As language is subject to continuous change, the computational analysis of digital heritage should attune models and methods to the specific historical contexts in which these texts emerged. This paper aims to facilitate the “historicization” of Natural Language Processing (NLP) methods by releasing various language models trained on a 19th-century book collection. These models can support research in digital and computational humanities, history, computational linguistics and the cultural heritage or GLAM sector (galleries, libraries, archives, and museums). To accommodate different research needs, we release a wide variety of models, from word type embeddings (word2vec and fastText) to more recent language models that produce context-dependent word or string embeddings (BERT and Flair, respectively). Word type embeddings generate a single vector for a token, regardless of the textual context in which the token appears. On the other hand, “contextual” models generate a distinct token embedding according to the textual context at inference time.
Repository location The dataset is available on Zenodo at http://doi.org/10.5281/zenodo.4782245.

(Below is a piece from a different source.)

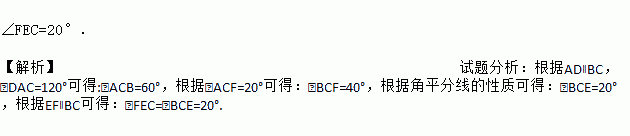 如图,EF∥AD,AD∥BC,CE平分∠BCF,∠DAC=120°,∠ACF=20°,求∠FEC的度数.

Context This work was produced as part of Living with Machines (LwM),1 an interdisciplinary project focused on the lived experience of Britain’s industrialization during the long 19th century. The language models presented here have been used in several research projects, to assess the impact of optical character recognition (OCR) on NLP tasks (van Strien et al., 2020), to detect atypical animacy (Coll Ardanuy et al., 2020), and for targeted sense disambiguation (Beelen et al., 2021).
2.1 Original corpus
The original collection consists of ≈48K digitized books in English, made openly available by the British Library in partnership with Microsoft, henceforth Microsoft British Library Corpus (MBL). The digitized books are available as JSON files from the British Library web page.2 Figure 1 gives an overview of the number of books by publication date. The bulk of the material is dated between 1800 and 1900, with the number of documents steeply rising at the end of the 19th century. Since all copyrights are cleared and the data are in the public domain, they have already become a popular resource for (digital) historians and literary scholars.3 However, one notable issue with this collection (when used for historical research) is the somewhat opaque selection process of books: while the data provides decent coverage over the 19th century, the exact criteria for inclusion remain unclear and future work might profitably consider assessing the characteristics of this collection in more detail (e.g. Pechenick, Danforth, and Dodds (2015)).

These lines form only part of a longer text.